Common to both subcommands:
| Flag | Description |
|---|---|
--data-dir DIR |
Working directory for CSV outputs (default: ./data) |
--library-artists FILE |
Filter to releases by artists in this file (one per line) |
--limit N |
Stop after N releases |
--progress-interval N |
Log progress every N releases (default: 100000) |
build only:
| Flag | Description |
|---|---|
--resume |
Reserved for future resumable builds (currently a no-op; this tool is single-pass) |
--state-file FILE |
Path to the state file used by --resume (default: ./state.json) |
import only:
| Flag | Description |
|---|---|
--database-url URL |
PostgreSQL connection URL. Falls back to DATABASE_URL_DISCOGS |
--fresh |
TRUNCATE release ... CASCADE before importing |
--batch-size N |
Releases to buffer before flushing to PostgreSQL (default: 100000) |
--output-dir is accepted as a deprecated alias for --data-dir and emits a stderr warning. It will be removed in the next release.
Gzipped input is auto-detected by .gz extension.
Produces 6 CSV files:
| File | Key columns |
|---|---|
release.csv |
id, status, title, country, released, notes, data_quality, master_id, format |
release_artist.csv |
release_id, artist_id, artist_name, extra, anv, position, join_field |
release_label.csv |
release_id, label, catno |
release_track.csv |
release_id, sequence, position, title, duration |
release_track_artist.csv |
release_id, track_sequence, artist_name |
release_image.csv |
release_id, type, width, height, uri |
These are consumed by discogs-etl/scripts/import_csv.py using csv.DictReader.

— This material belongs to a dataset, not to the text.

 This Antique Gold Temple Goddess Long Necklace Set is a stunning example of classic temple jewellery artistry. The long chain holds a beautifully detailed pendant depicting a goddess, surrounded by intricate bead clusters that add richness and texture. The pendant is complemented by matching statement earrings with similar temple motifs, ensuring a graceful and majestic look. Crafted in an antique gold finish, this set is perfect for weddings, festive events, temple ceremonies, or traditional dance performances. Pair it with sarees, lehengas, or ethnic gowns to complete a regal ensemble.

Release processing is parallelized across all CPU cores:
- A scanner thread reads the XML input and finds
<release>element boundaries by byte scanning - A rayon worker pool parses XML and performs NFKD artist name normalization in parallel
- The main thread writes matched releases to CSV sequentially, preserving document order
Artist and label XML files are also processed in parallel when both are present in directory mode. In directory mode, the release scanner starts before artist/label processing completes, overlapping the large file read with smaller-file CPU work.
The converter streams .xml.gz files via on-the-fly decompression (flate2 GzDecoder), auto-detected by the .gz extension. This reduces disk I/O from ~57GB to ~5GB for the releases file, but adds CPU overhead for decompression. Net win when the bottleneck is disk throughput (slow or external drives); neutral or slightly slower on fast NVMe where CPU is the bottleneck.

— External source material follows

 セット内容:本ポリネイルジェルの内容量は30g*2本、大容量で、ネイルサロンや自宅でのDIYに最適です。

Requires the Rust toolchain.
cargo build --release
cargo install --path .cargo install copies the binary to ~/.cargo/bin/discogs-xml-converter, which is on your PATH if you installed Rust via rustup. Alternatively, reference the binary directly at target/release/discogs-xml-converter.
cargo testAll tests use hand-written XML fixtures; no external data dumps needed.
Streams releases directly into PostgreSQL, eliminating the CSV round-trip:
python scripts/run_pipeline.py \
--xml /path/to/xml-dumps/ \
--library-artists library_artists.txt \
--database-url postgresql://localhost:5432/discogs \
--direct-pgFeed the output into the --csv-dir pipeline mode:
# Convert and filter
discogs-xml-converter build releases.xml.gz \
--data-dir /path/to/filtered/ \
--library-artists library_artists.txt
# Run database build
python scripts/run_pipeline.py \
--csv-dir /path/to/filtered/ \
--database-url postgresql://localhost:5432/discogs